It’s a challenging question that perhaps you can’t answer if asked so on this day I am asking. Who could you forgive?Could you forgive a spouse for cheating on you? I know many that would say ‘he.. no’! I am not forgiving someone who does that to me! I know some that may say no way until it happens and they realize yes they can. Could you forgive someone for stealing clients or even shares of your business? What about those who bully your children? Not challenging enough? How about this: could you forgive yourself? Forgive yourself for what you ask? It doesn’t matter. Could you forgive yourself for whatever you have done?
It’s time to think about the level of strength that you have in order to forgive. Why? Because forgiveness is not about anyone else but you. There will always be people who wrong us. Parents mess kids up and those kids then in turn mess their kids up. It’s a cycle and it appears none are immune. Many people turn into their parents and just for that reason alone; the lesson of forgiveness needs to be learned.

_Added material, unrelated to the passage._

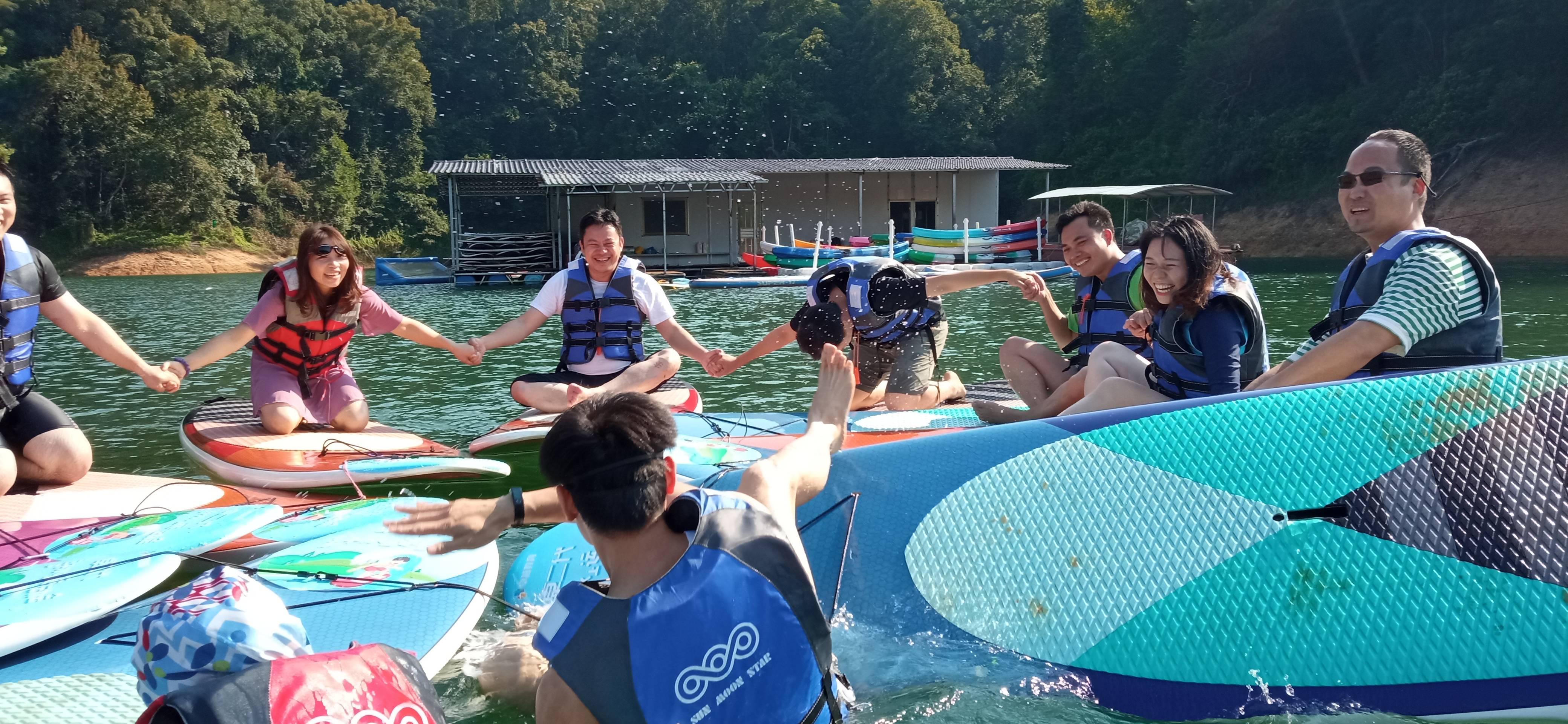 桨板体验在犹江的南湖国际垂钓基地进行,由桨板俱乐部的冠军教练细心指导下,这是全新的运动游旅文化体验,桨板基本动作很快上手,特色是在水面进行团建游戏,全程充满欢笑,教练协助拍照摄影,并特别的在夕阳时光划着桨板,尤富诗意。

I was abandoned by my biological mother and for many years I hated her; along with most people. Even when I met my biological mother I remember her looking at my up and down and then walking away to go finish her phone call. My level of contempt for her just grew in that instant. And my life was a reflection of it. I blamed others for the mistakes they made all the while I continued the cycle.I had to learn forgiveness.
Years later I learned what forgiveness is and the process of being healed through it. Who could I forgive? Anyone for anything. You may truly question that but here is the thing: when you make forgiveness your lifestyle you are able to see the bigger picture. You are healed. You my friend are free. And that means no longer are you bound by the sins of others. Now please don’t think it would be easy; but rather doable.
How strong are you? My best guess is that you are stronger than you think and that strength is just a matter of choice.You see; the strong forgive and live as victors while the weak try to survive while living a victims. Ask yourself only who could I forgive but also ‘how strong do I want to be?’